Salmonella spp. belong to thefamily Enterobacteriaceae. Taxonomically, Salmonella is divided into 2 species; S. bongori and S. enterica. S. enterica is further divided into 6 subspecies: S. enterica subsp. enterica (I), S. enterica subsp. salamae (II), S. enterica subsp. arizonae (IIIa), S. enterica subsp. diarizonae (IIIb), S. enterica subsp. houtenae (IV) and S. enterica subsp. indica (VI) (Grimont and Weill, 2007). According to the WHO Collaborating Centre for Reference and Research on Salmonella in France, the total number of Salmonella serotypes recorded in 2006 was 2579 (Grimont and Weill, 2007). As the ‘official’ nomenclature is very long, in the literature salmonellae are commonly named using abbreviations. For instance, Salmonella enterica subspecies enterica serotype Typhimurium is abbreviated as S. Typhimurium (Grimont and Weill, 2007).
Salmonellosis has been documented worldwide (World Health Organization Global Salm-Surv, 2006) and most cases of salmonellosis in humans and animals are caused by serotypes of Salmonella enterica subspecies enterica. The organisms infect most species of domestic animals, especially pigs, calves and poultry (Wray and Wray, 2000). Enteric disease is the most common clinical presentation, but a wide range of forms, such as acute septicaemia, abortion, and arthritis may be seen (Wray and Wray, 2000). In addition, several host species, particularly pigs and birds, may be subclinically infected. Subclinically infected animals play an important role in Salmonella transmission within and between herds, and as sources of foodborne infection in humans (Hendriksen et al., 2011; Lo Fo Wong et al., 2002; Pui et al., 2011).
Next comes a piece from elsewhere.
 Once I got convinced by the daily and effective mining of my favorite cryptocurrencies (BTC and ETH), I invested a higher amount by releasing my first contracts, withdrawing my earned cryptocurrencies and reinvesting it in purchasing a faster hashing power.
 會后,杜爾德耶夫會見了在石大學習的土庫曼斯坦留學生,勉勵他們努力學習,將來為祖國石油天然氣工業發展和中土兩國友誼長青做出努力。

In calves, salmonellosis is often transmitted from subclinical infected cattle, birds or contaminated feed (Anderson et al., 2001). A wide range of Salmonella serotypes
30 have been reported in newborn calves (Anderson et al., 2001; Izzo et al., 2011; Langoni et al., 2004; Reynolds et al., 1986). Infection severity and mortality rates in young calves generally reflect the strength of immunity (Anderson et al., 2001). In the calf, immunity is enhanced by good colostrum management (Vermunt et al., 1995; Wesselink et al., 1999) and the provision of adequate nutrition, as well as optimal environment conditions that minimise pathogen load and bacterial challenge dose through contaminated milk and equipment (Mohler et al., 2009).
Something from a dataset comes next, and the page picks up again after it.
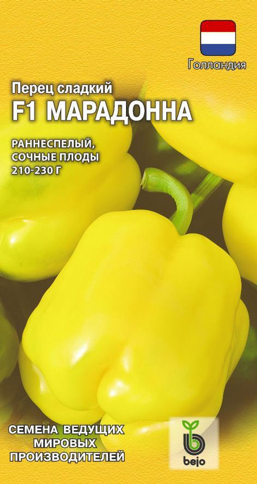 Перец незаменимый ингредиент свежих салатов, гарниров, подлив и заготовок впрок, богат невероятным количеством витаминов и аскорбиновой кислоты. F1 Марадонна гибрид белого, раннеспелого перца, одна из новейших разработок голландских селекционеров для теплиц и открытого грунта. Крупные (210-230 г), сладкие, необыкновенно вкусные плоды с сочными, толстыми стенками (6-8 мм) можно собирать уже через 98-107 дней от всходов. Растение мощное, высотой 80 см (в открытом грунте). Кубовидные перцы имеют привлекательную окраску, которая меняется при созревании от кремовой до желто-оранжевой. Посев на рассаду в марте. Глубина заделки семян до 1 см. Высадка рассады в мае. Пикировка в фазе 1-2-х настоящих листьев. После высадки у растения удаляют все боковые побеги и листья до первой развилки и подвязывают к опоре. Нельзя высаживать рассаду сладких и острых сортов перца рядом, т.к. происходит переопыление и сладкий перец приобретает горький вкус.

Salmonella spp. are identified as Gram-negative, rod shaped, highly motile organisms (with the exception of S. Gallinarum and S. Pullorum which are non-motile). Biochemically, Salmonellae are catalase-positive, oxidase-negative, non-lactose fermenting, indole -negative, urea- negative, methyl red and Simmons citrate - positive and H2S producing (Russell and Gould, 2003). Salmonella has a complex life cycle in the infected host, and multiple virulence genes which enable pathogenic Salmonella to invade the host’s intestinal epithelium and macrophages have been identified (Marcus et al., 2000). An important step in the pathogenesis of Salmonella infection is the bacterial interaction with the reticuloendothelial system of the host, which promotes inflammation (Chopra et al., 1999; Francis et al., 1993; Galán, 1996). Further, the capability of some Salmonella spp. tosurvive and replicate inside macrophages promotes apoptosis, and this allows evasion from the host’s immune response (Aranda et al., 1992; Chopra et al., 1999; Rathman et al., 1996). Salmonella virulence genes are often clustered in pathogenicity islands, which are usually absent in non-pathogenic strains (Blanc-Potard et al., 1999). According to Marcus et al., (2000), these pathogenicity islands are classified into five subgroups labelled as SPI- 1 through SPI-5, from which virulence genes SPI-1 and SPI-2 have higher virulence.